-- DATA BLOCK --
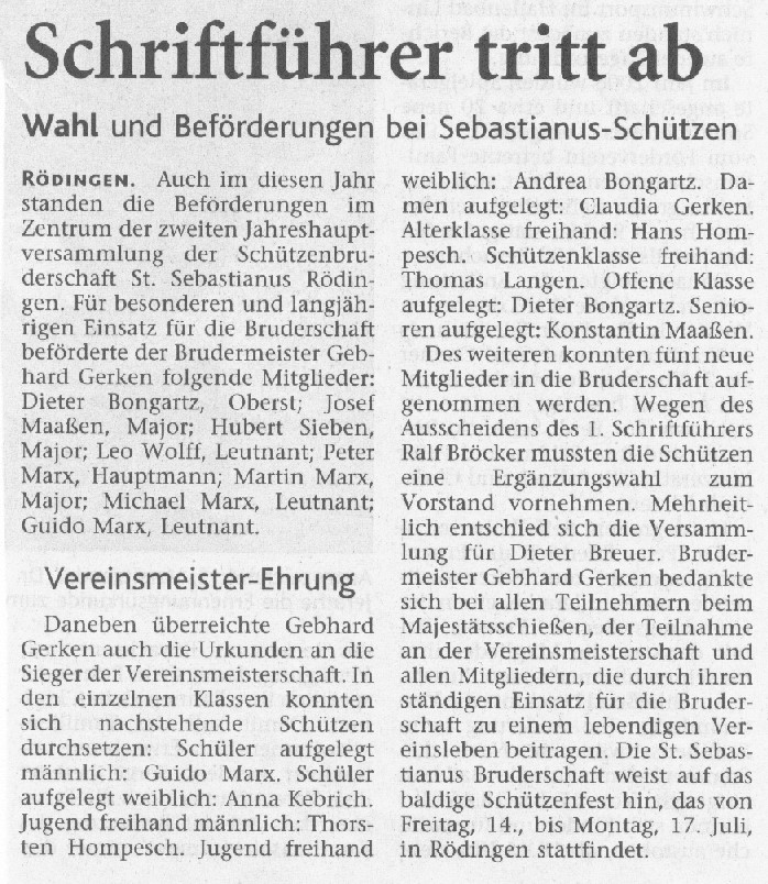 Ergänzungswahl zum Vorstand Brudermeister Gebhard Gerken bedankte sich bei allen Teilnehmern um das Majestätsschiessen, der Teilnahme an der Vereinsmeisterschaft und allen Mitgliedern, die durch ihren ständigen Einsatz für die Bruderschaft zu einem lebendigen Vereinsleben beitragen.
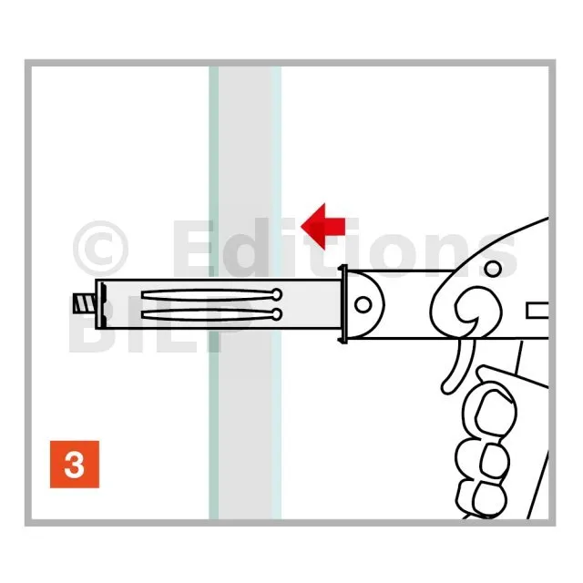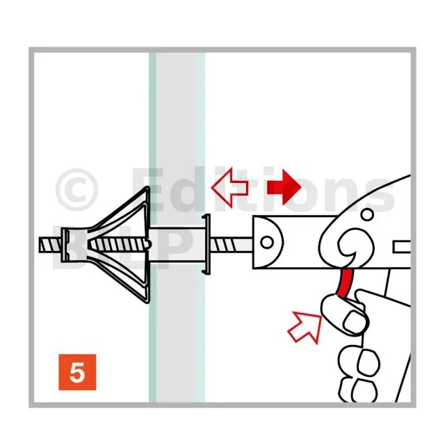 La cheville est disposée dans le perçage sur le support avec une pince dédiée, l’action de la pince permet l’expansion et le verouillage de la cheville contre le support.
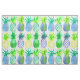 A colorful fabric decorated with pineapples hand painted with watercolor in shades of blue, green, purple and yellow with a watercolor spatter background. Great for home decor and crafts!

-- WORK INSTRUCTION --
Produce a verbatim transcription of every line in the listing, images omitted.

-- TASK OUTPUT --
 Ergänzungswahl zum Vorstand Brudermeister Gebhard Gerken bedankte sich bei allen Teilnehmern um das Majestätsschiessen, der Teilnahme an der Vereinsmeisterschaft und allen Mitgliedern, die durch ihren ständigen Einsatz für die Bruderschaft zu einem lebendigen Vereinsleben beitragen.
 La cheville est disposée dans le perçage sur le support avec une pince dédiée, l’action de la pince permet l’expansion et le verouillage de la cheville contre le support.
 A colorful fabric decorated with pineapples hand painted with watercolor in shades of blue, green, purple and yellow with a watercolor spatter background. Great for home decor and crafts!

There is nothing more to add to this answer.